On Mon, Dec 26, 2011 at 9:09 AM, Everton Zanella Alvarenga <
everton137(a)gmail.com> wrote:
Hi, Andrew.
Em 25/12/2011 00:41, "Andrew Owens" <orderinchaos78(a)gmail.com> escreveu:
I'm an educator and tried to get involved with Wikiversity, but almost
anything I looked at in my home area was complete but chronically
sub-standard, focused away from the needs of my students, and it was not in
any way clear how I could contribute or what was acceptable or
unacceptable. In the end I simply gave up - there are others doing the same
sort of thing much better (eg WikiEducator). I've heard similar stories
from many other educators across a range of fields.

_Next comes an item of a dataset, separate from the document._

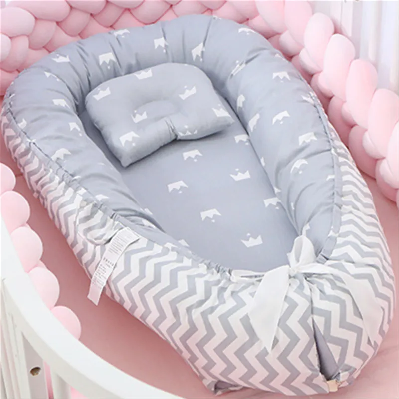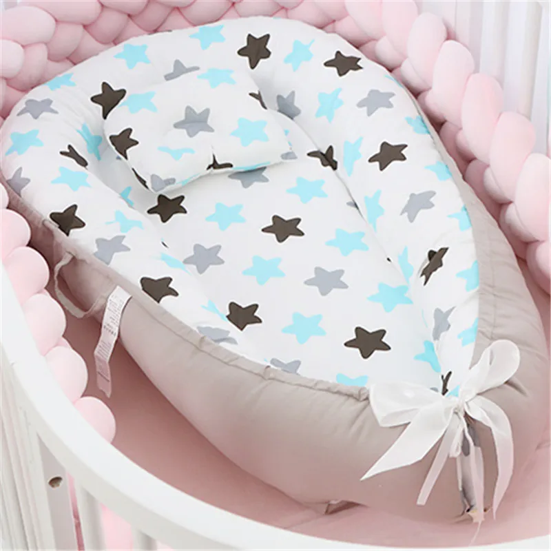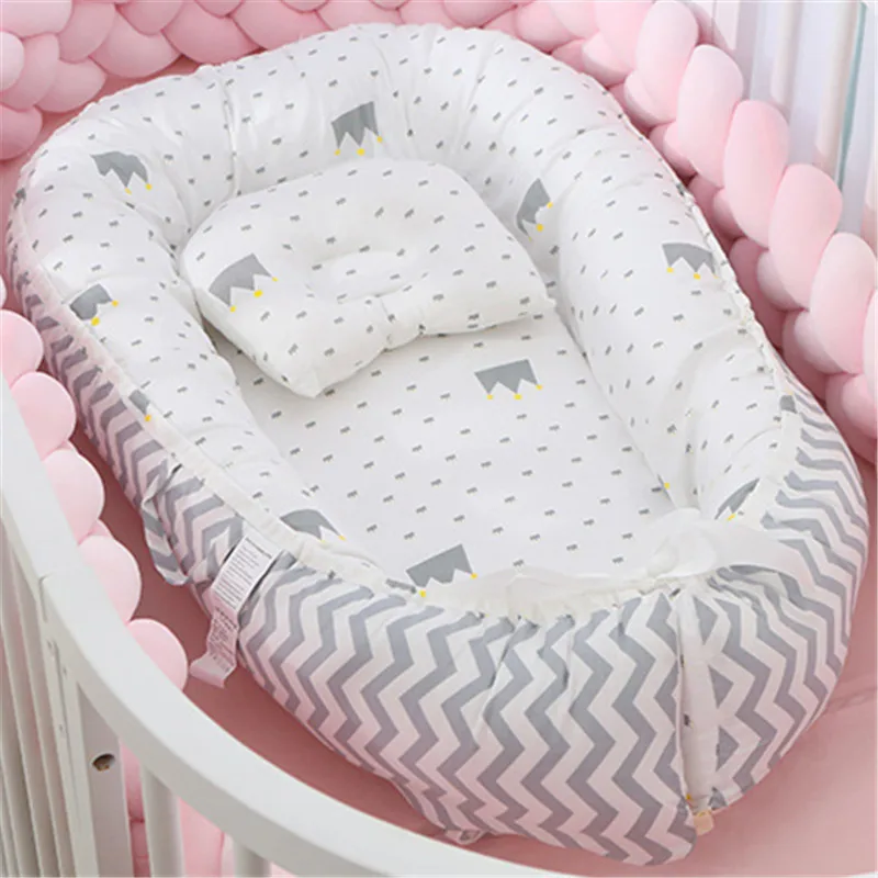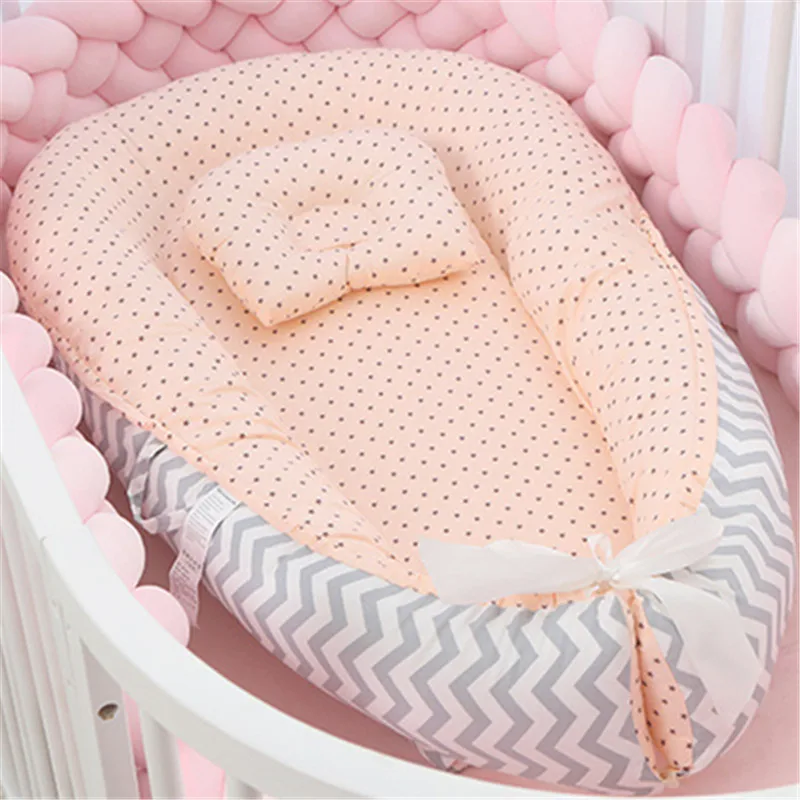 Портативная хлопковая кроватка для новорожденных, детская кроватка, колыбель для новорожденных, детская люлька, для путешествий, с подушкой, детское гнездо

May you, please, show me the Wikiversity page where you have tried that?
I havent't thought about WikiEducator, that's a good idea to analyse,
thanks to remeber! I'll see if we have a community there in Portuguese as
well.
My impression: Wikiversity -> too horizontal. WikiEducator -> the
tradiciontal hierarchy. Besides that, it seems [[user:solstag]] has been
using pt.wikiversity succefully on a course on cultural centers and
universities here in Brazil.
As a random aside, my university probably has one of the biggest footprints
on Wikiversity. Our page can be found at
http://en.wikiversity.org/wiki/University_of_Canberra . They've had
several classes using the project, have over 7 staff members using in, and
have been using it to organise a wiki conference in Australia:
http://en.wikiversity.org/wiki/University_of_Canberra/RCC2012 . The latter
is hosted on campus at our university and last year's conference attracted
a number of academics. We couldn't host it on the RecentChangesCamp wiki
on its own domain because of issues during the conference regarding wiki
open ness, down time, etc. The people doing the tech for it were in the
USA. :( I think the word my university has been doing has been pretty
fantastic. :) Leigh Blackall has helped make it a success.